Flaw in medical device causing issues with care for non-white patients: research
A new study has determined that critically-ill Black, Asian and Hispanic patients receive less supplemental oxygen than white patients due to a flaw in the device that measures oxygen in the blood.
The study, called the ‘Assessment of Racial and Ethnic Differences in Oxygen Supplementation Among Patients in the Intensive Care Unit, was co-authored by the University of Manitoba’s Dr. Barret Rush, assistant professor of critical care, and Dr. Jennifer Ziegler, a critical care fellow.
The research looked at pulse oximeter clamps, which are the device used to determine how much supplemental oxygen a patient needs.

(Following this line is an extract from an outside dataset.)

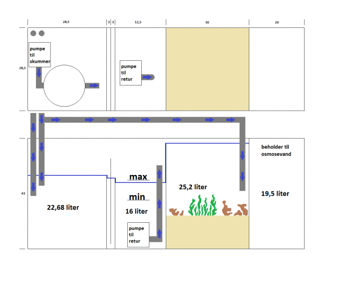 Brøker skrev:jo vandstanden må max være 20 cm høj, og mit spørgsmål er hvor høj skal den første væg være.. altså fx 15 cm høj, så der stadig kan løbe vand over til retur pumpen.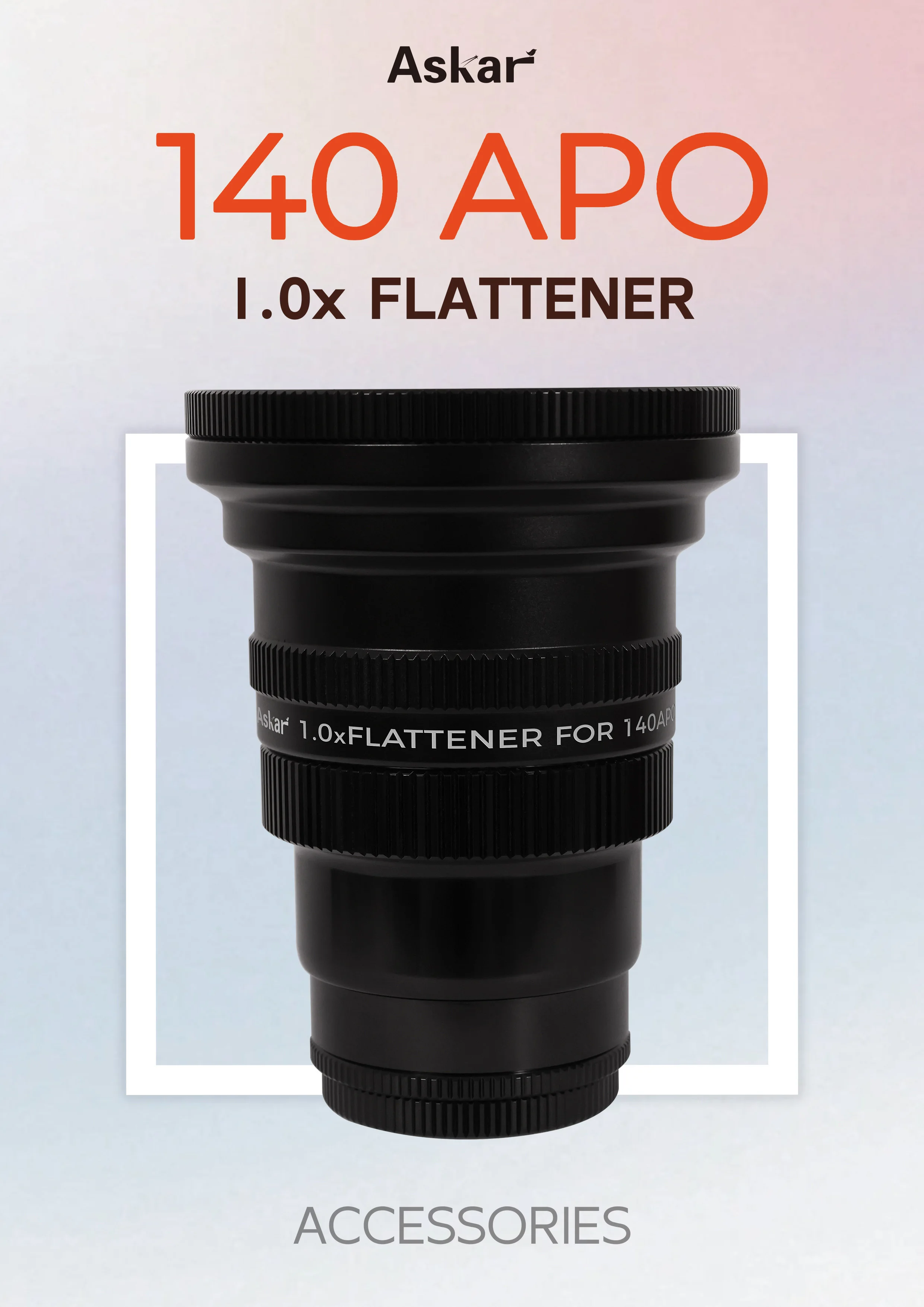 The Askar 140 APO comes with three optional premium accessories, a 1.0x flattener and a 0.8x reducer. Introduced here is the 1.0x flattener, which is optimized for the Askar 140APO, and can provide more possibilities for telescope use.

Though scientists have known for decades that pigmentation can impact pulse oximeter readings, only in recent studies has it been determined that pulse oximeters overestimate the oxygen levels of non-white patients.
Rush and Ziegler’s report is the first to document the impact of this on patient care.
“On average in non-white patients, the error is anywhere between two and five per cent,” Rush said in an interview on Wednesday.
“So if somebody’s oxygen saturation on the pulse oximeter showed 92 per cent, it could actually be as low as 87 [to] 88 per cent.”
The study looked at data from more than 3,000 critically ill patients who were admitted to the ICU in Boston from 2008 to 2019. It found that pulse oximeters were overestimating the oxygen levels of Black, Asian and Hispanic patients and that these patients were receiving less oxygen than they should have.
“The non-white patients got less supplemental oxygen in the ICU,” Rush explained.
“Instead of being on five litres or six litres, they might have been on three or four litres. The average is about 1.5 to two litres less oxygen for non-white patients, which would lead to worse outcomes potentially.”
For the next steps in their research, Rush, Ziegler and their colleagues in Boston are consulting with bioengineers to help solve the issue of racial bias in pulse oximeter readings.
Rush also said they would like also like to do a similar study in Canada looking at Indigenous populations.
The study, which was led by Harvard’s Dr. Eric Raphael Gottlieb and Massachusetts Institute of Technology’s Dr. Leo Celi, was published in ‘JAMA Internal Medicine’ and can be found online.